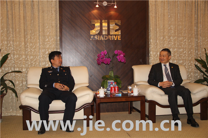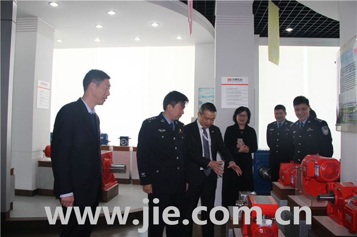 Mr.Fei Yuezhong, the Standing Committee of Xiaoshan District,the Director of the Xiaoshan Distric Public Security Bureau Branch,and his delegation visited JIE Drive for research and guide on December 6th,2017.Mr.Shen Yao, the secretary of the Party and Working Committee of Jingjiang Town accompanied.Mr.Chen Demu,the CEO of the JIE Drive,warmly welcomed Mr.Fei Yuezhong and his delegation to JIE and expressed his heartfelt gratitude to the District Commission and District Government for their long-term support.Mr.Chen reported the development of JIE and focused on the introduction of JIE Intelligent Drive Project.Mr.Fei Yuezhong fully affirmed the foresight and leadership of JIE Intelligent Drive Project and encouraged JIE to target Made in China 2025 strategy and become an intelligent factory demonstration in China's gear industry.
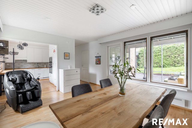This charming detached house in the quiet and desirable Pihlajarintie residential area of Espoo offers a great setting for family life. The house is located on its own plot, and is surrounded by a green courtyard, which offers plenty of space for children to play and garden. The two-story house is in good condition and its spacious rooms create a cozy and spacious atmosphere.
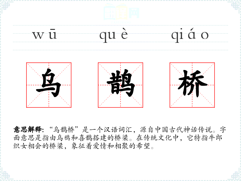 “乌鹊桥”是一个汉语词汇,源自**古代神话传说。字面意思是指由乌鸦和喜鹊搭建的桥梁。在传统文化中,它特指牛郎织女相会的桥梁,象征着爱情和相聚的希望。

» TASK
Repeat the data word for word. Images are not part of the copy.

» FINISHED TASK
 Mr.Fei Yuezhong, the Standing Committee of Xiaoshan District,the Director of the Xiaoshan Distric Public Security Bureau Branch,and his delegation visited JIE Drive for research and guide on December 6th,2017.Mr.Shen Yao, the secretary of the Party and Working Committee of Jingjiang Town accompanied.Mr.Chen Demu,the CEO of the JIE Drive,warmly welcomed Mr.Fei Yuezhong and his delegation to JIE and expressed his heartfelt gratitude to the District Commission and District Government for their long-term support.Mr.Chen reported the development of JIE and focused on the introduction of JIE Intelligent Drive Project.Mr.Fei Yuezhong fully affirmed the foresight and leadership of JIE Intelligent Drive Project and encouraged JIE to target Made in China 2025 strategy and become an intelligent factory demonstration in China's gear industry.
This charming detached house in the quiet and desirable Pihlajarintie residential area of Espoo offers a great setting for family life. The house is located on its own plot, and is surrounded by a green courtyard, which offers plenty of space for children to play and garden. The two-story house is in good condition and its spacious rooms create a cozy and spacious atmosphere.
 “乌鹊桥”是一个汉语词汇,源自**古代神话传说。字面意思是指由乌鸦和喜鹊搭建的桥梁。在传统文化中,它特指牛郎织女相会的桥梁,象征着爱情和相聚的希望。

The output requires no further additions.